Studies on the effects on sleep of Hormone Replacement Therapy (HRT) and oral contraceptives have shown that these hormones have direct effects on the brain. Oestrogen has widespread effects on mental performance, mood, movement coordination and pain. However, the monthly fluctuation of oestrogen and progesterone impacts on cognitive function, mood, appetite and temperature, as well as the sexual organs and breasts, making it more difficult to work out how they affect sleep directly.
There is evidence to suggest that women’s role in society may affect their sleep even more than hormonal changes. The added pressures many women face of juggling stressful jobs with their roles as mothers and wives can often pose an intolerable burden, exacerbated by the fact that many women ignore their fatigue.
Ageing can greatly affect sleep, with the number of hours declining as you get older. While a young adult will sleep on average for 7-8 hours, by old age this will go down to about six. Quality of sleep is affected too. Stage 4 sleep is reduced, and the proportion of REM sleep, which makes up abut 50 per cent of baby sleep, will, in the latter stages of life, go down to 15-20 per cent. Although the cause may be inevitable, there are still steps you can take to improve the situation (see Chapter 4).

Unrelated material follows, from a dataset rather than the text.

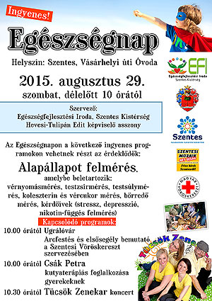 2015. augusztus 29-én szombat, délelőtt 10 órától várnak minden érdeklődőt Szentesen a Vásárhelyi úti Óvodába, ahol az Egészségfejlesztési Iroda EGÉSZSÉGNAPOT szervez.

Your sleep is more likely to be poor if your general health is poor, even if you are not suffering from a specifically sleep-related disorder (see Chapter 6). Conditions such as heart disease, general breathing problems and arthritis can make it difficult to get comfortable at night, and will almost certainly have an impact on your sleep. Consult your doctor if this becomes an issue. For many people emotional issues and character make-up may come into play.